Lawrence Paul Bachmann (December 12, 1911 - September 7, 2004) was an American film producer and executive who settled for a time in the United Kingdom.

Biography
Bachmann was born in New York City, where his father, J.G. Bachmann, worked at Paramount with B.P. Schulberg in the 1920s. He gained employment in the motion picture industry aged 16, beginning as an assistant film editor at Universal. He graduated with a bachelor's degree from University of South Carolina (USC) and then a master's degree at Oxford University in the UK. After his period of formal education, he became an assistant to Pandro S. Berman, who was then head of production at RKO. He switched to MGM to work for J.J. Cohn, head of the B-picture unit writing screenplays and becoming a producer.

During World War II, Bachmann served in the U.S. Army Air Forces and was the principal overseas correspondent for Air Force magazine.

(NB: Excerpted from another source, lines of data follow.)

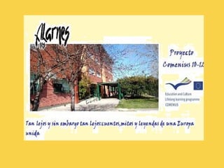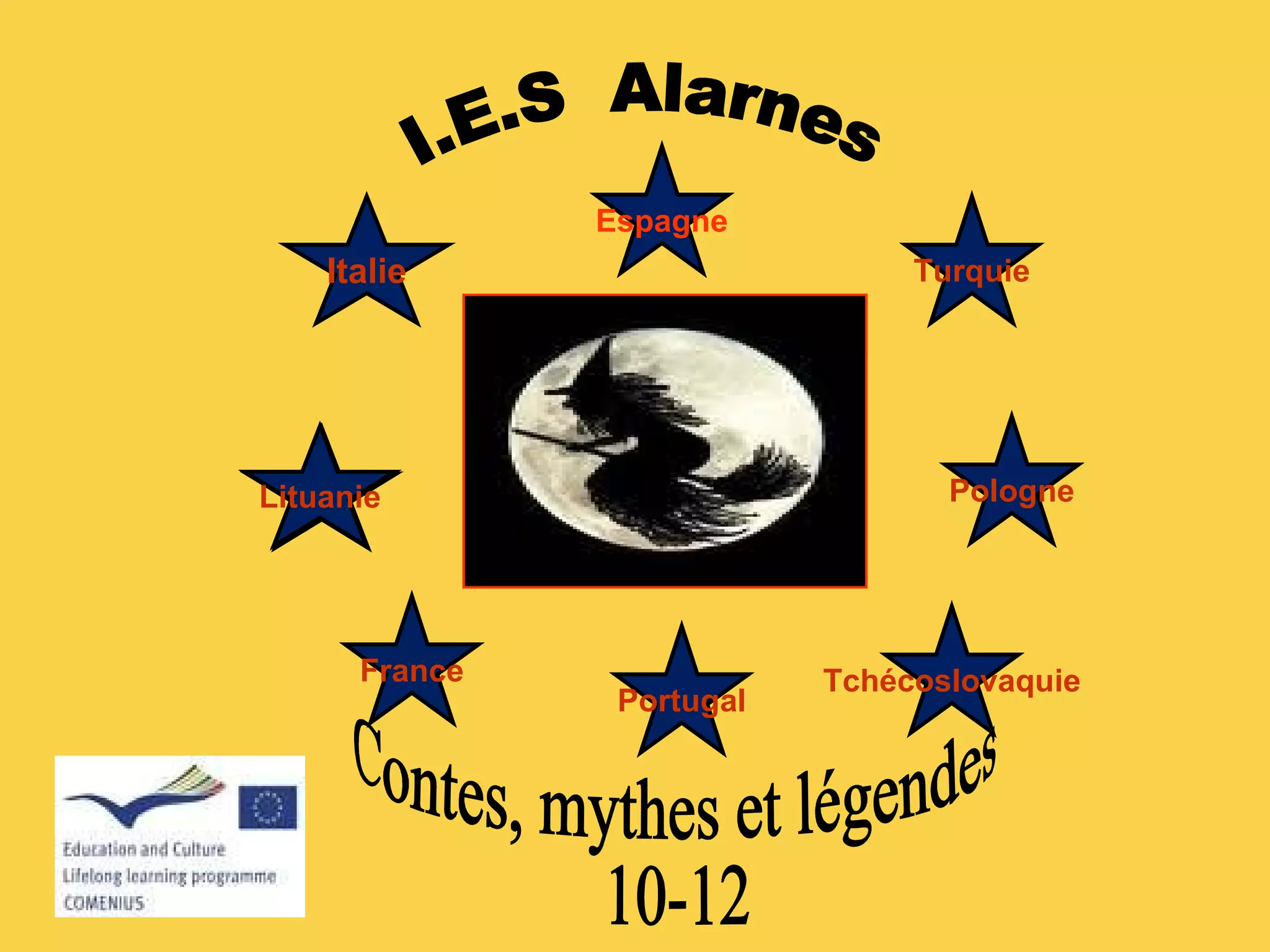 Este documento presenta un proyecto educativo entre ocho institutos de educación secundaria de varios países europeos llamado IES Alarnes. El proyecto tiene como objetivos aumentar la motivación de los estudiantes para aprender idiomas extranjeros, promover la cooperación europea entre estudiantes y profesores, y experimentar la idea de ciudadanía europea. A lo largo de dos años, los estudiantes trabajarán en torno a temas comunes como mitos, leyendas y cuentos tradicionales de sus países respectivos.
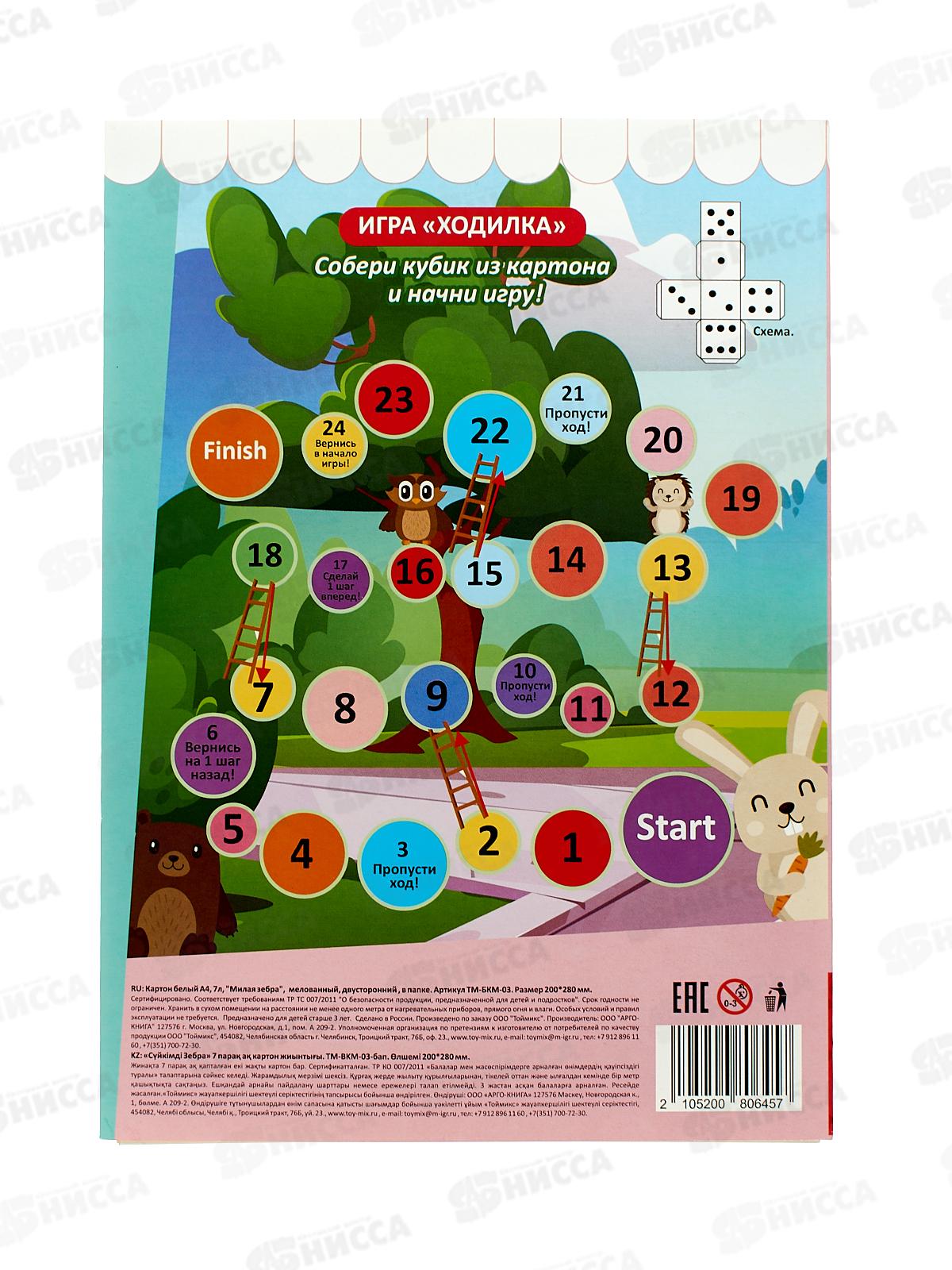 Картон Белый 7л А4 "Милая зебра" мелов., двустор. ТМ-БКМ-03
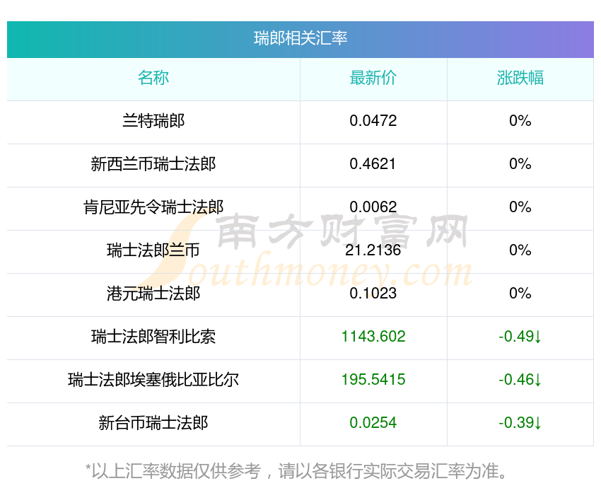 南方财富网为您提供瑞郎对新台币汇率最新价格详情。
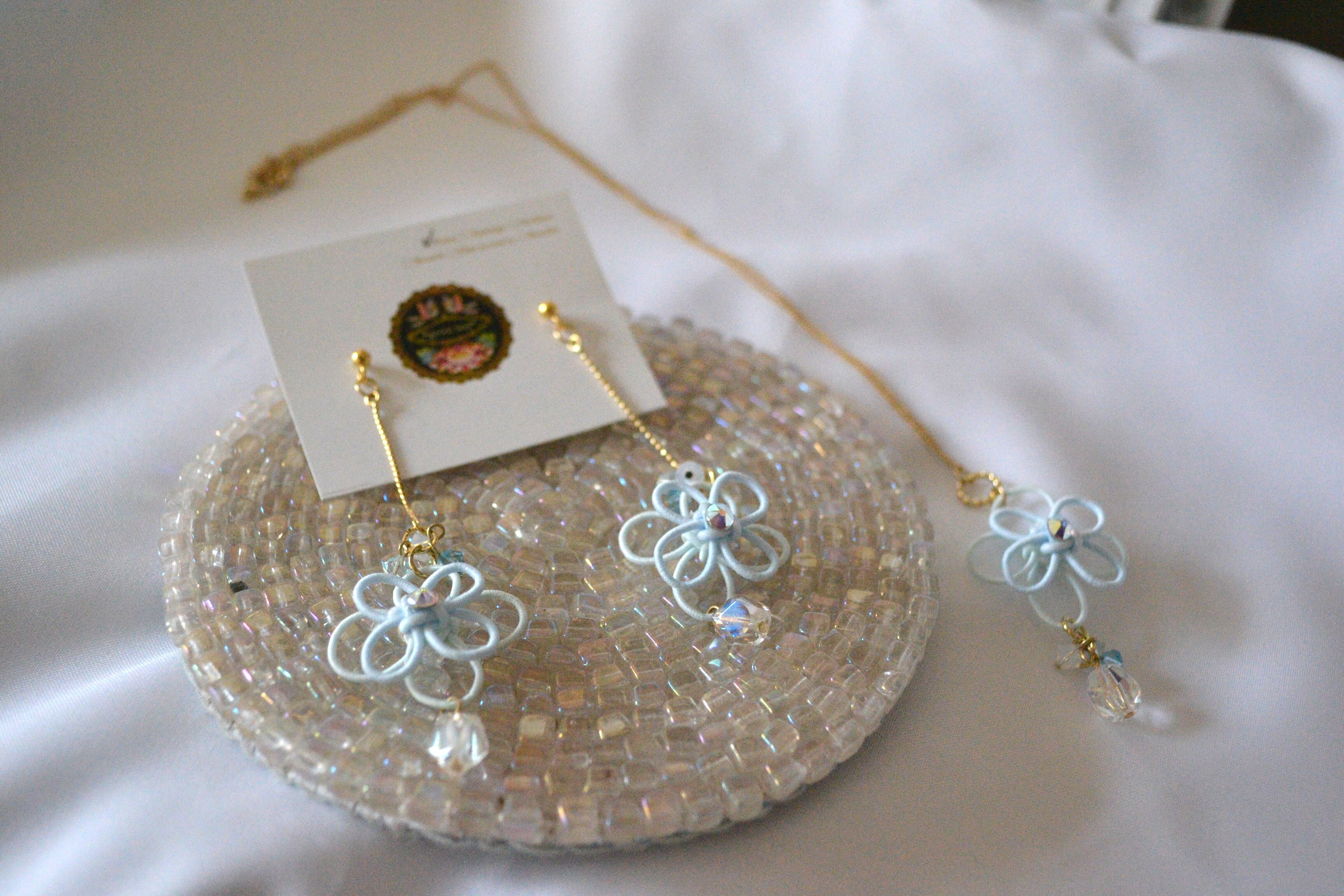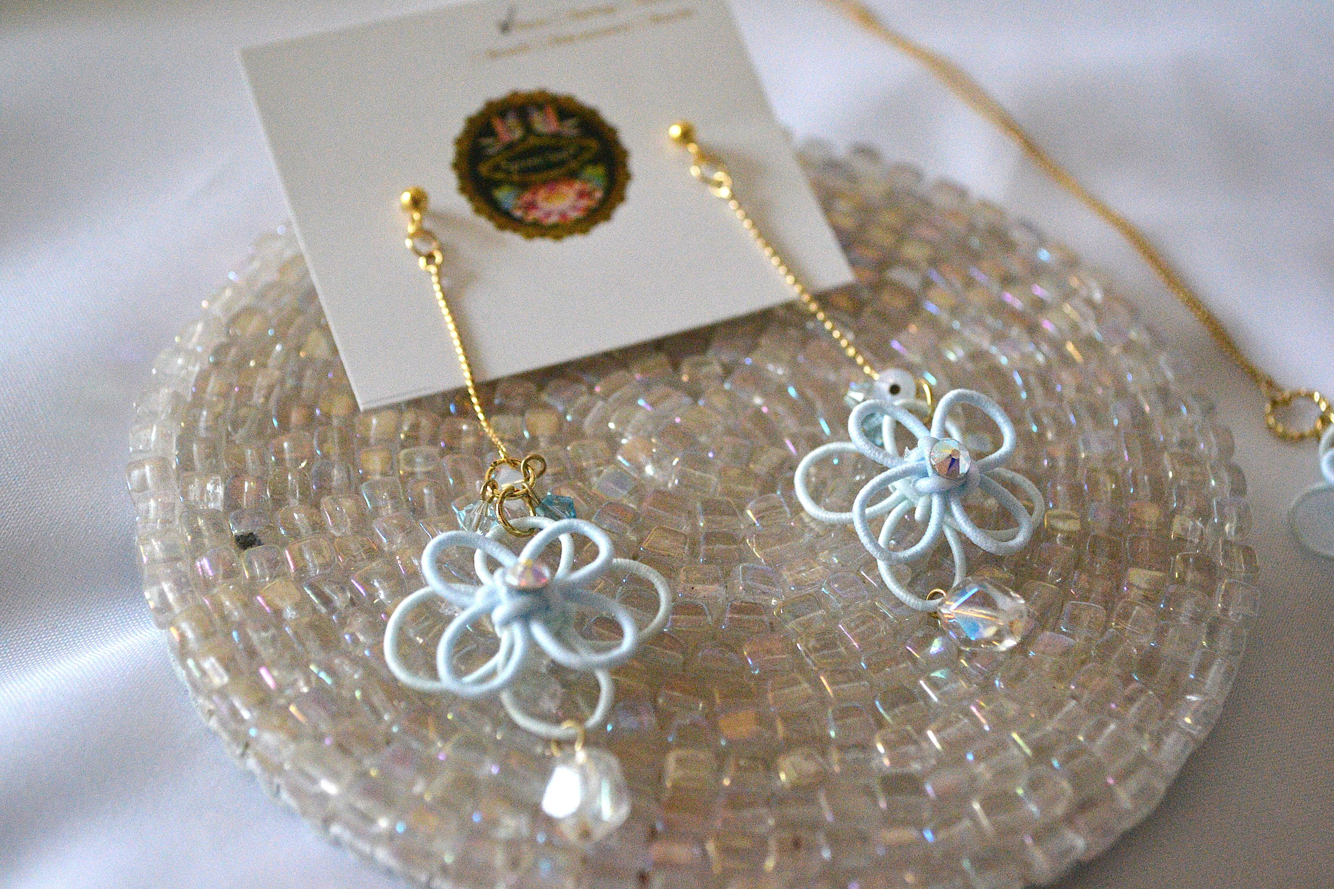 重ね合わせた水引細工で仕上げたお花にチェコビーズやスワロフスキークリスタルを纏わせた透明感と可憐さあふれる耳飾りをお作りいたしました。

After the war, he worked in Berlin as head of films for the US State Department, then lived in France and Italy.

Bachmann moved to the UK where he became head of production for Paramount's British subsidiary. He then performed a similar function for MGM, joining the studio in 1959. He ran MGM British for some years. Among other films he supervised the four Miss Marple films featuring Margaret Rutherford in the lead role.

After becoming an independent producer, Bachmann was interviewed by The New York Times in 1982. According to Bachmann, "You don't need a huge organization" or "wastefully high budgets. All you need is a good story, the right attack, and the determination to make a movie for a reasonable price."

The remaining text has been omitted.